In our own company, we are in the process of hiring a new technical director. This is an important position for us. Our organization’s dedication to overseeing the technical aircraft details and pre-purchase inspections for our clients’ sales and acquisition projects is a huge differentiating benefit of our service. Accuracy in the development of aircraft specifications and understanding aircraft we are acquiring, as well as good management of the pre-purchase inspection can have a large impact on our clients’ financial bottom line from their sale or acquisition. Successful technical oversight is overwhelmingly achieved because of critical thinking.

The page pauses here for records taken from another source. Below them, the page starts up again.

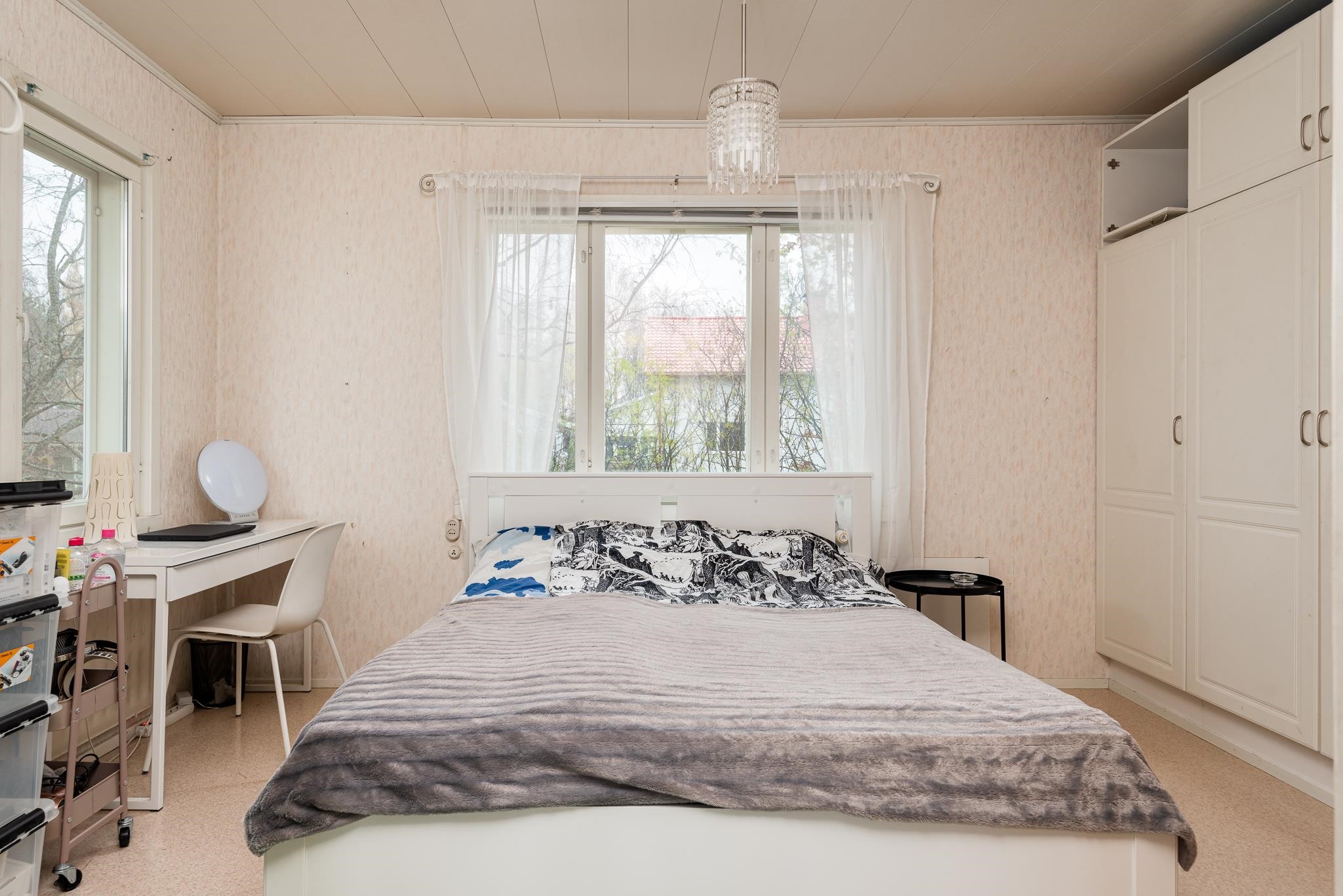 - Keittiö: laminaatti / tapetti / haltex. Olohuone: muovimatto / tapeeti / haltex. Makuuhuone 1: muovimatto / tapeeti / haltex. Makuuhuone 2: muovimatto / tapeeti / haltex. Kodinhoitohuone: laatta / laatta / betoni. Sauna: laatta /puupaneeli. Kylpyhuone: laatta / laatta. Eteinen: muovimatto / tapetti / haltex. Wc: muovimatto / paneeli / haltex.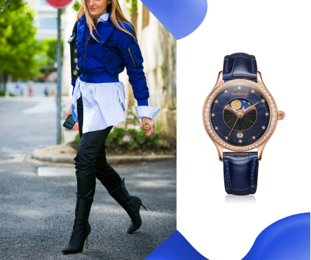 这款GK1060L玫瑰金腕表,风格华丽多姿,月相功能神秘变幻,减龄效果十足。它的璀璨和华美,能缓和深色带来的压抑,也能为厚重的着重增添活力,让女性在冬日的户外不用“下衣失踪”,也能保持时尚的风度。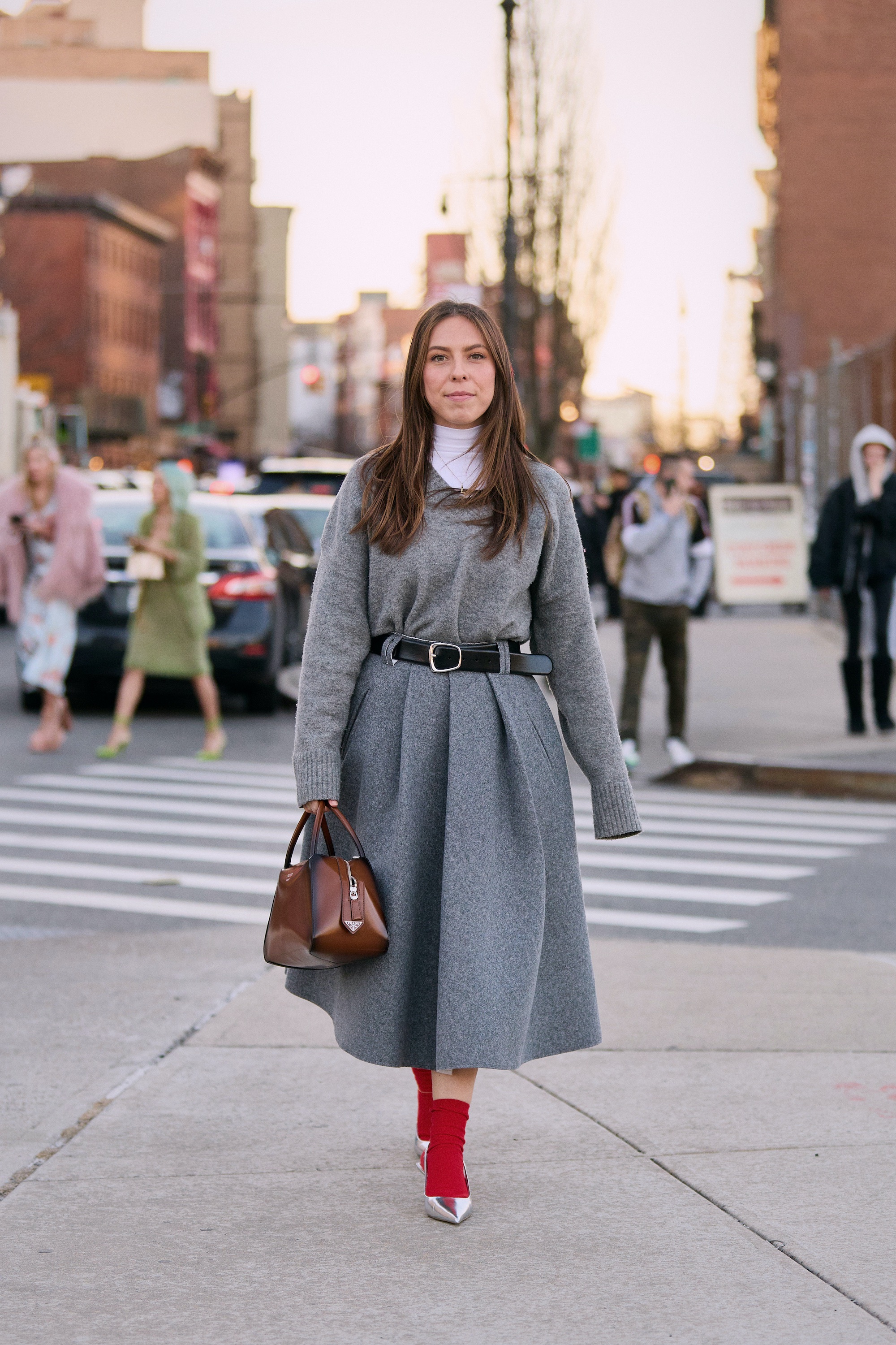 Model Notes: A wool skirt will maintain you heat without having a cumbersome coat. Match a jumper in the identical tone, and if you happen to’re feeling assured, end the look with a daring shoe like pink.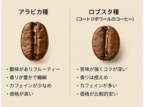 コートジボワールのコーヒーを理解するうえで、アラビカ種とロブスタ種の違いは重要です。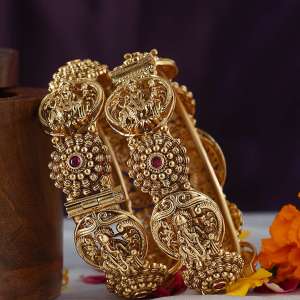 Gold Plated Antique Floral Motif Stone Studded Temple Jewellery Set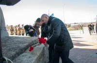 В Керчи эстафету встречали у подножия Аджимушкайских каменоломен руководители города, пограничники, ветераны и молодёжь.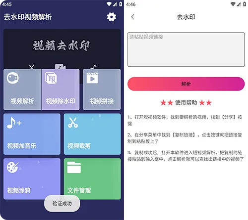 去水印视频解析是安卓端视频处理工具,主打一键去水印、视频编辑与多平台无水印视频解析,无需专业技术即可高效处理视频内容,适配短视频创作者、日常用户等需清理视频水印、制作个性化视频的场景,是实用的视频处理辅助工具。

Critical thinking is about questioning when an answer does not, on its surface, sound like a scenario where 2+2=4 or when the answer to a question doesn’t seem complete or definitive. Critical thinking is about questioning until all possible options have been understood and exhausted. When considering aircraft maintenance, there are often many ways to fix aircraft discrepancies. Some requiring replacing parts, but sometimes, if you have time, you can have the same parts repaired for considerably less. Sometimes there are short term solutions that allow you to safely and successfully complete a trip for your organization, but then require affecting a longer-term solution when you return. A good leader (aviation director, director of maintenance, line pilot or line maintenance) will think critically about the options, not just stop a flight if there are possible solutions and not just through money at problems because replacing parts is the easy answer. Sometimes, by the way, you absolutely have to and should say that you can’t fly or you need to replace parts because those will be the right answers.
I was talking to a client’s director of maintenance recently. He was telling me a story about a problem that could have ended a big International trip before they ever left their home base. They were sitting on the ramp about to depart for a 12 hour flight with several other stops over a two week trip. They had a problem with a system on the aircraft and they were getting a warning alarm in the cockpit. This was an MEL system and they had experienced the same issue before, but thought it had been fixed. The maintenance director was on board. They immediately started to troubleshoot the system while on the ramp and also called system manufacturer’s technical support. They explained the problem they were experiencing, their history with the same issue, what they were doing to trouble shoot and isolate it and the details about trip they were trying to depart on. Because of the Director of Maintenance’s forward thinking having immediately started researching and troubleshooting the problem, he was able to quickly eliminate a lot of concerns and explain this to the manufacturer’s technical support. He also connected the system manufacturer’s technical support with the aircraft manufacturer’s technical support. As a team, everyone now involved (all while the passengers were standing by) collectively agreed that the system problem was a sensor problem and not the actual system itself. Having successfully identified that the system itself was in good working order, they were given a temporary flight authorization requiring that the DOM who was already going on the two week trip check the system after every 12 hours of flight. Because he thought critically about the problem and worked to identify all possible issues and solutions, and he was forward thinking to simultaneously build the right team of people to help, he was able to save the trip and safely get the senior executives to their meetings around the world. For most people, this issue would have cancelled the trip before it started. Had it really been a safety of flight issue this DOM would have immediately stopped his trip, but as it turned out it wasn’t. This was a great example of how out of the box problem solving, critical thinking and forward thinking to coordinate everyone’s efforts and lead the team to find a safe solution were imperative skills for any great leaders.